Das UN World Food Programme (WFP) verfolgt genau dieses Ziel. Für Nothilfeeinsätze und langfristige Entwicklungsprogramme weltweit benötigt WFP große Mengen an Grundnahrungsmitteln. Wenn möglich, kauft WFP diese lokal an. Für Kleinbauern ist das die Chance, wirtschaftlich zu arbeiten. Vielerorts hilft ihnen die Gründung von Genossenschaften, ihre Position zu stärken, zu verhandeln, zu expandieren und Kosten bündeln zu können.

Trotz der bisher erreichten Fortschritte haben Kleinbauern mit vielen Hindernissen zu kämpfen. Für manche ist es schwer, ausreichend zu produzieren oder gar Vorräte anzulegen. Anderen gelingt es Überschüsse zu erzielen, sie haben jedoch Schwierigkeiten diese gewinnbringend zu verkaufen. Oft fehlt es an technischen Geräten oder finanziellen Mitteln, um Profite zu erzielen. Auch die Lagerung der Ernte ist ein weit verbreitetes Problem. Zusätzlich stellen die Folgen des Klimawandels Kleinbauern vor Herausforderungen.  

Hier greifen die Ansätze von WFP, Partnerschaften zu stärken und innovative Lösungen einzuführen. WFP liefert passgenaue Unterstützung für Kleinbauern und lokale Regierungen, um Wertschöpfungsketten und weitreichende Nahrungsmittelsysteme gezielt zu beeinflussen. Dabei beziehen WFP-Programme konsequent Kleinbauern und -bäuerinnen gleichermaßen mit ein.

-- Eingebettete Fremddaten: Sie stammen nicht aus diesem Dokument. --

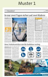
Muster 1 7 Sp. /120 mm (325 mm x 120 mm)

Im Rahmen der „RP-Radwochen“ stellen wir in unserer sechsteiligen Redaktionsserie wissenswerte Themen rund um das Thema Fahrrad vor. Die Berichterstattung läuft vom 29. April bis zum 18. Mai in den Bezirksausgaben an folgenden Terminen: Sa. 29.04., Do. 04.05., Sa 06.05., Do. 11.05., Sa. 13.05., Do. 18.05.2017. Die geplanten Themen werden sein: „Wissenswertes rund um das Thema Fahrrad“ mit Tipps zum eBike-Kauf, und Informationen zu Sicherheit, Pflege, Technik und dem richtigen Zubehör. Nutzen Sie die fachkompetente Berichterstattung als vielbeachtetes Umfeld für Ihre Werbung. Wählen Sie zwischen unseren beiden Festformaten: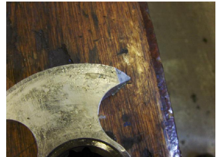
Lobben ernstig ingesleten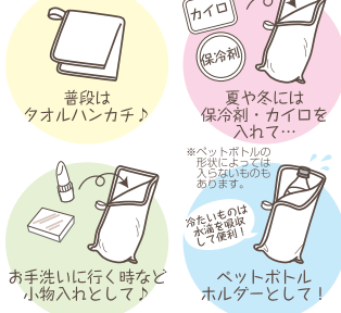
普段は タオルハンカチ♪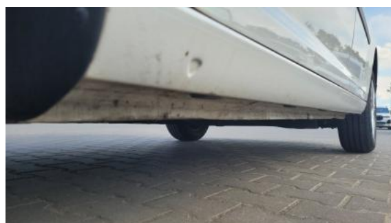
Fot. 12 Próg lewy (widok od przodu)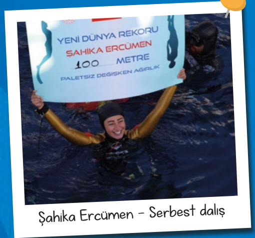
Şahika Ercümen - Serbest dalış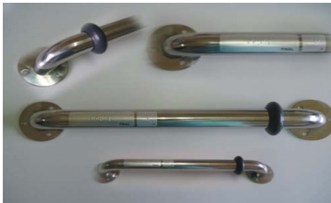
Foto Anel de borracha ref. BB-0320 e placas em Braille ref. BB-0330

Borindus Borrachas Industrias Comercial Ltda.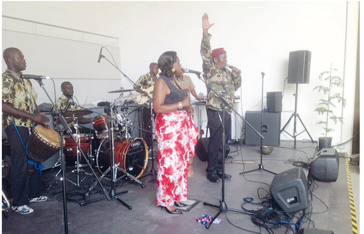
Zao sur scène

Mais à Milan, Zao a surtout fait remuer les hanches. Ses tubes ont été applaudis et réclamés. À un moment du spectacle, la ministre Claudine Munari s'est même mise debout et a exécuté un pas de danse des plus réussis. Succès à tout rompre à l'applaudimètre !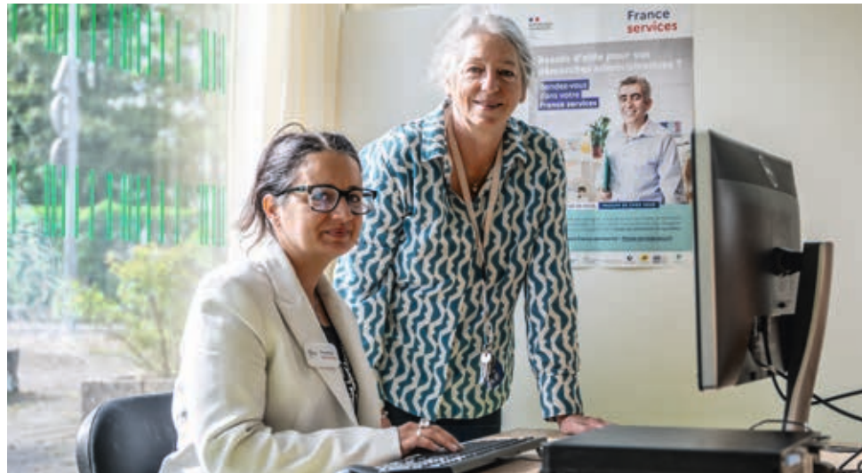
L'espace France services de Cronenbourg est co-financé par l'État, l'Eurométropole, la Ville de Strasbourg et la Collectivité européenne d'Alsace. A. HEFTI

Ouvert début septembre, l'espace France services de Cronenbourg rapproche les usagers des services publics.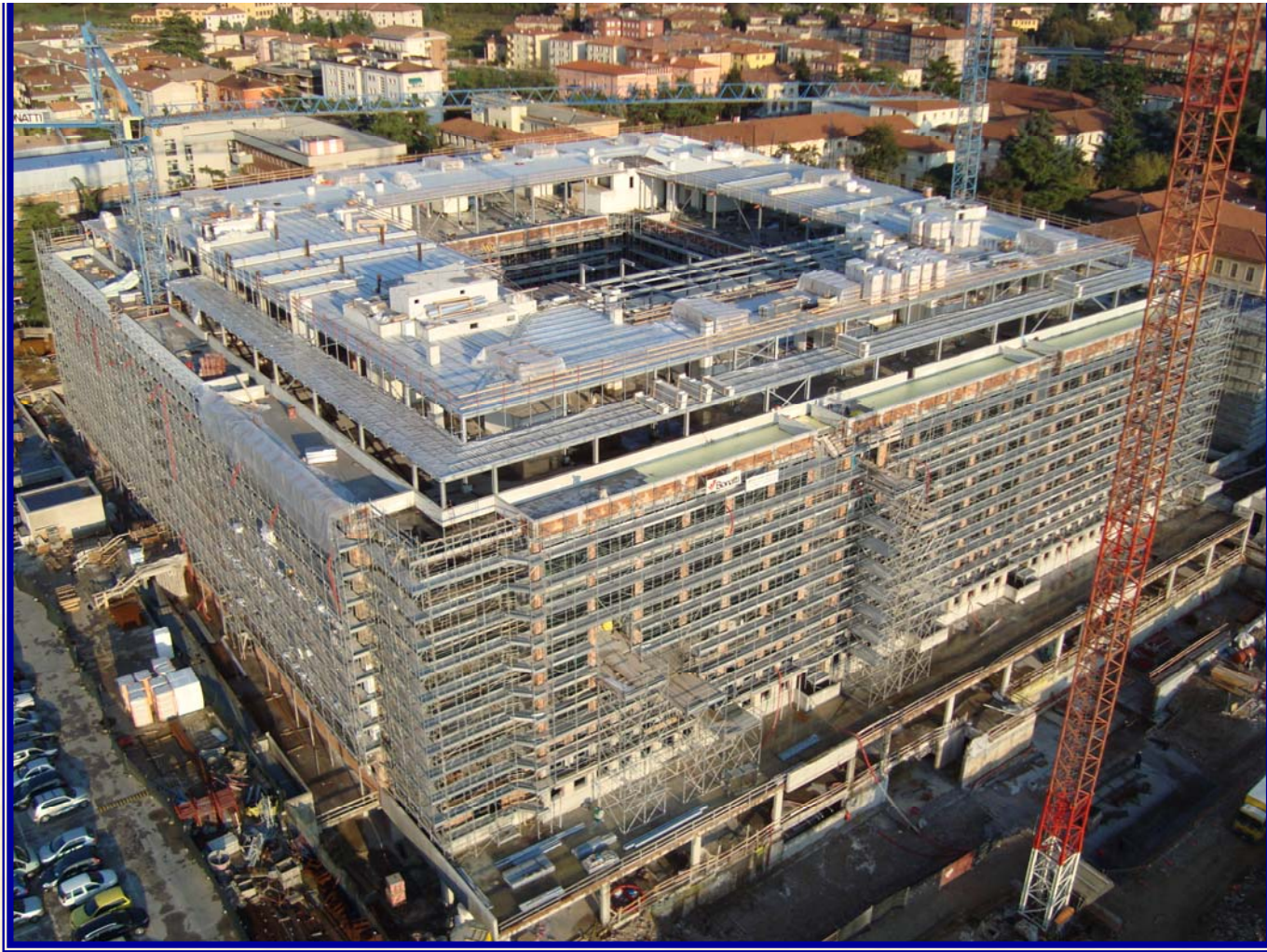
Ospedale Civile Maggiore: POLO CHIRURGICO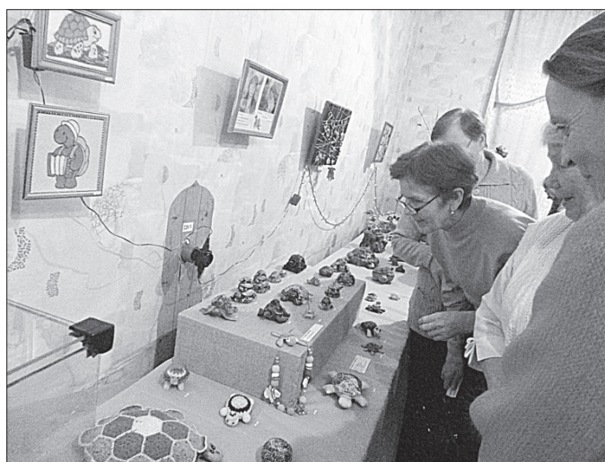
Первые посетители выставки.

Так как мероприятие прошло в завершение Года литературы в РФ, то далее гости встречи попали в ли-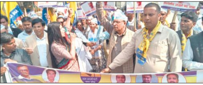
पदयात्रा के दौरान प्रदर्शन करते आप कार्यकर्ता।

अमृत विचार: आम आदमी पार्टी के प्रदेश प्रभारी एवं राज्यसभा सांसद संजय सिंह की गिरफ्तारी के विरोध में पार्टी कार्यकर्ताओं ने रविवार को सत्यमेव जयते पदयात्रा निकाली। पदयात्रा खिरनीबाग शहीद स्तंभ से प्रारंभ हुई और समापन नगर निगम शहीदों की प्रतिमाओं पर माल्यापण कर किया गया।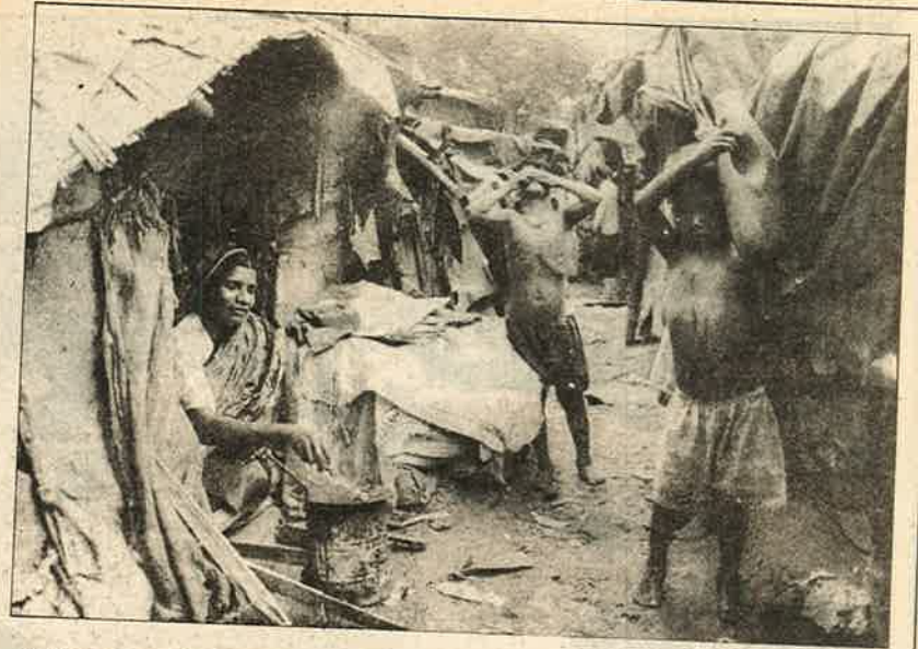
அடிப்படை வசதிகளின்றி டெல்லி சேரிப் பகுதியில் அுவதிப்படும் வங்கதேச அகதிகள். பாரதீய ஜனதாவின் பார்வையில் 'நாட்டை உளவு பார்க்கும் சதிகாரர்கள்'.

கடந்த பத்தாண்டுகளில் வங்கதேச அகதிகள் பீகார், உ.பி. டெல்லி, குஜராத், மகாராஷ்டிரா ஆகிய மாநிலங்களில் பிழைப்பைத் தேடி குடியேறியுள்ளனர். இவர்களில் பெரும்பாலோர் புறநகர் சேரிப் பகுதியில் அல்லற்படும் கூலித் தொழிலாளிகளாவர். மற்றவர்கள் பிச்சை எடுப்பது, ரூபை பொறுக்குவது முதலானவற்றின் மூலம் எப்படியோ வாழ்க்கையை ஓட்டுகின்றனர். இன்றைய நிலையில் ஏறத்தாழ 50 லட்சம் வங்கதேச அகதிகள் இந்தியாவில் குவிந்துள்ளனர். அதிகாரபூர்வ எண்ணிக்கை தெரியாத நிலையில் சில கட்சிகளும், அமைப்புகளும் அகதிகளின் எண்ணிக்கை ஏறத்தாழ ஒன்றரை கோடிப் பேராக இருக்கும் என்று கூறுகின்றன.

Zu den WFP-Programmen zählen Purchase for Progress (P4P) und die speziell für den Privatsektor konzipierte Farm to Market Alliance. Beide fördern den Zugang zu Märkten. Sie unterstützen Landwirte artenreich anzubauen und helfen ihnen, ihre Geschäftsaussichten zu verbessern. Darüber hinaus bringt WFP im Rahmen des Schulmahlzeitenprogramms Kleinbauern mit lokalen Schulkantinen zusammen. Über die “Purchase from Africans for Africa” Initiative schafft WFP gemeinsam mit der UN Food and Agriculture Organization (FAO) eine Plattform für Anfragen öffentlicher Institutionen Afrikas und Angeboten lokaler Kleinbauern und landwirtschaftlichen Genossenschaften. Etablierte Programme wie Bargeldtransfers und Nahrungsmittelhilfe, die Rural Resilience Initiative (R4) und Food for Assets ergänzen die WFP-Hilfe.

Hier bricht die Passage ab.